Bredth First Search using Coloring Method.
BFS(s, G)
s <- source vertex
G <- Graph
let Q <- queue
let color[] <- 1 WHITE
Q.enqueue s
color of s <- 2 GREY
while Q is not Empty
let currentVertex = Q.dequeue.
color of currentVertex <- BLACK
for all neighbour of currentVertex
if color of neighbour is WHITE
set color of neighbour <- GREY
Q.enqueue neighbour
end of for
end of while
Depth First Search (DFS)
DFS(s , G)
s <- source vertex
G <- Graph
let S <- stack
S.push s
set s as visited.
while S is not Empty
let currentVertex <- S.pop()
for all neighbour of currentVertex
if neighbour is not visited
set neighbour to visited
S.push(neighbour)
end of for
end of while
Connected Components
DFS(s , G , visited)
s <- source vertex
G <- Graph
visited <- boolean array
let S <- Stack
S.push(s)
set visited of s <- true
while S is not empty
let currentVertex <- S.pop()
for all neighbour of currentVertex
if neighbour is not visited
set visited of neighbour <- true
S.push(neighbour)
end of for
end of while
CC(s,G)
s <- source vertex
G <- Graph
let visited[] <- false (initially none vertex is visited.)
let count <- 0
for all vertex of G
if vetex is not visited
DFS(vertex ,G , visited)
incremrnt count
end of for
return count.
Hamiltonian Path
hamiltonianPath(src,graph,visited,count,res)
src <- source vertex
graph <- Graph
visited <- boolean Array
count <- count of edges covered so far
res <- String containing coverted vertex to print
append src to res
set src to visited
if count is equal to |V-1| then print res and return 1
set visited(src) <- true
for all neighbour of graph(src)
if neighbour is not visited
set neighbour to visited
count += hamiltonianPath(neighbour,graph,visited,count+1,res)
end of for
return count
isBipartite
[global variables]
WHITE = -1
RED = 0
GREEN = 1
isBipartite(s , G , colorMap)
s <- source vertex
G <- Graph
colorMap <- array contains color of each vertex
let Q <- Queue
use BFS put alternate color on earch level (RED/GREEN)

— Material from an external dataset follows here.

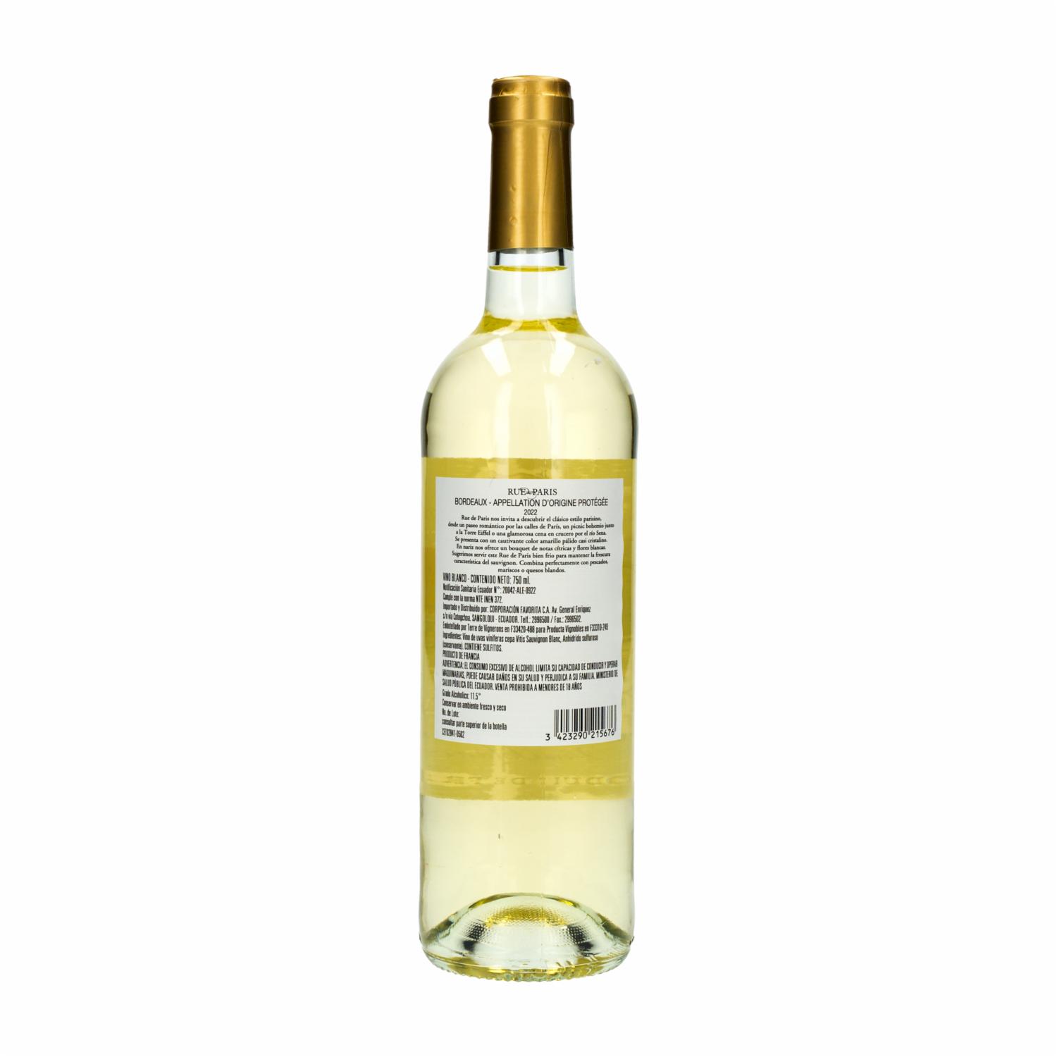 Vino Blanco Frances RUE DE PARIS 750 Ml
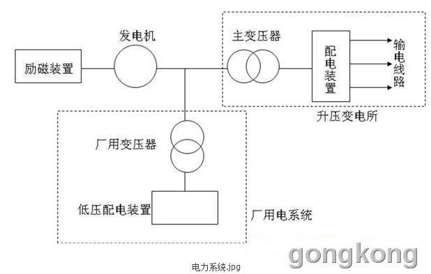 由汽輪機帶動發(fā)電機完成機械能轉(zhuǎn)化為電能,并且合理地實現(xiàn)發(fā)電、輸電、配電、供電和用電。發(fā)電機發(fā)出的電能大部分由主變壓器升高電壓,經(jīng)過高壓配電裝置和高壓輸電線路向外供電;其發(fā)出電能的一小部分作為本廠自用,稱作廠用電。

if a visited vertex comes again and have color which is not matching to the current level color
return false
Q.add(s)
let level <- 0
colorMap of s to GREEN
while Q is not Empty
let size <- size of Queue
while(size is greater then 0)
let currentVertex Q.dequeue()
for all neighbour of currentVertex
if neighbour color is WHITE
change color to level%2
else if neighbour color is not WHITE and it is not equal to level%2
return false;
end of for
increment level
end of while
end of while
return true
isBipartite(s,G)
let colorMap = array of color initially all color as WHITE
for all vertex of G
if color of vertex is WHITE
if isBipartite(vertex , G , colorMap) is false then return false
end of for
return true